Below are records to repeat exactly. Omit the pictures from the copy.
*-*-*
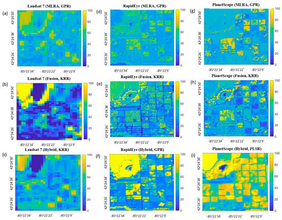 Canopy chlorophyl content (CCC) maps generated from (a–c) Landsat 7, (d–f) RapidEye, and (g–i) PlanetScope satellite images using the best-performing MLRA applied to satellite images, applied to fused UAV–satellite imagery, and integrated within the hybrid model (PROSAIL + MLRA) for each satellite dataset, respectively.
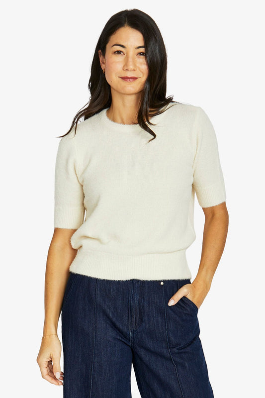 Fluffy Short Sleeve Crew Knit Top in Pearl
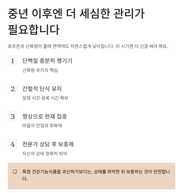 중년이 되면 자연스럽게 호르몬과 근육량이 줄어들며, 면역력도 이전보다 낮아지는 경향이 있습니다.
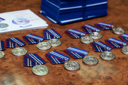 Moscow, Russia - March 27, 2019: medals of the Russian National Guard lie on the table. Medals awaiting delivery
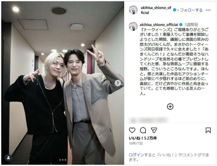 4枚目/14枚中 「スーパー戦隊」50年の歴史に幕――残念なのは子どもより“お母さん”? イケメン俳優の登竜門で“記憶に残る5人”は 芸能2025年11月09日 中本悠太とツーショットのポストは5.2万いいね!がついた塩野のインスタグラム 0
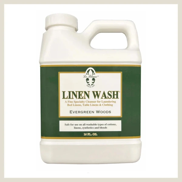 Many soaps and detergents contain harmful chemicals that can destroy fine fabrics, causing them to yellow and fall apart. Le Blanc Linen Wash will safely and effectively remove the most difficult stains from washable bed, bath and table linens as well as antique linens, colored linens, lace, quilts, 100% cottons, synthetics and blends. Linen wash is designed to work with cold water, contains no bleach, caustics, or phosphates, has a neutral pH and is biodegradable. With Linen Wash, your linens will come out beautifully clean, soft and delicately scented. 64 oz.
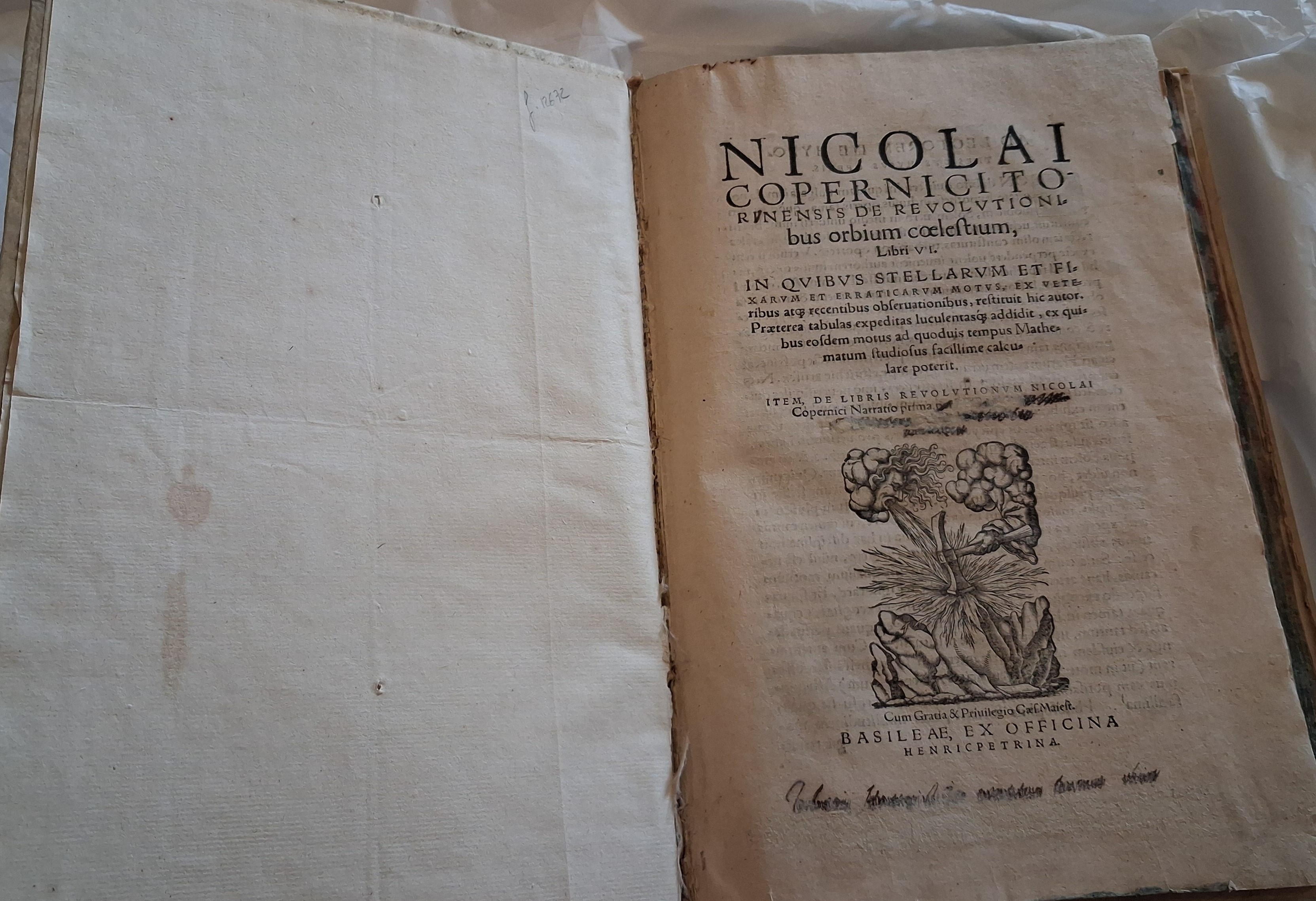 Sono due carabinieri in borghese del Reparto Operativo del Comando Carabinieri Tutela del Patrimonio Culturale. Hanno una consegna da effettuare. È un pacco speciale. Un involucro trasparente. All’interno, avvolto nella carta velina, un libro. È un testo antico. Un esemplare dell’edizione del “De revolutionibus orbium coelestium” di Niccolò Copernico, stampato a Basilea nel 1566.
*-*-*
Task solution:
 Canopy chlorophyl content (CCC) maps generated from (a–c) Landsat 7, (d–f) RapidEye, and (g–i) PlanetScope satellite images using the best-performing MLRA applied to satellite images, applied to fused UAV–satellite imagery, and integrated within the hybrid model (PROSAIL + MLRA) for each satellite dataset, respectively.
 Fluffy Short Sleeve Crew Knit Top in Pearl
 중년이 되면 자연스럽게 호르몬과 근육량이 줄어들며, 면역력도 이전보다 낮아지는 경향이 있습니다.
 Moscow, Russia - March 27, 2019: medals of the Russian National Guard lie on the table. Medals awaiting delivery
 4枚目/14枚中 「スーパー戦隊」50年の歴史に幕――残念なのは子どもより“お母さん”? イケメン俳優の登竜門で“記憶に残る5人”は 芸能2025年11月09日 中本悠太とツーショットのポストは5.2万いいね!がついた塩野のインスタグラム 0
 Many soaps and detergents contain harmful chemicals that can destroy fine fabrics, causing them to yellow and fall apart. Le Blanc Linen Wash will safely and effectively remove the most difficult stains from washable bed, bath and table linens as well as antique linens, colored linens, lace, quilts, 100% cottons, synthetics and blends. Linen wash is designed to work with cold water, contains no bleach, caustics, or phosphates, has a neutral pH and is biodegradable. With Linen Wash, your linens will come out beautifully clean, soft and delicately scented. 64 oz.
 Sono due carabinieri in borghese del Reparto Operativo del Comando Carabinieri Tutela del Patrimonio Culturale. Hanno una consegna da effettuare. È un pacco speciale. Un involucro trasparente. All’interno, avvolto nella carta velina, un libro. È un testo antico. Un esemplare dell’edizione del “De revolutionibus orbium coelestium” di Niccolò Copernico, stampato a Basilea nel 1566.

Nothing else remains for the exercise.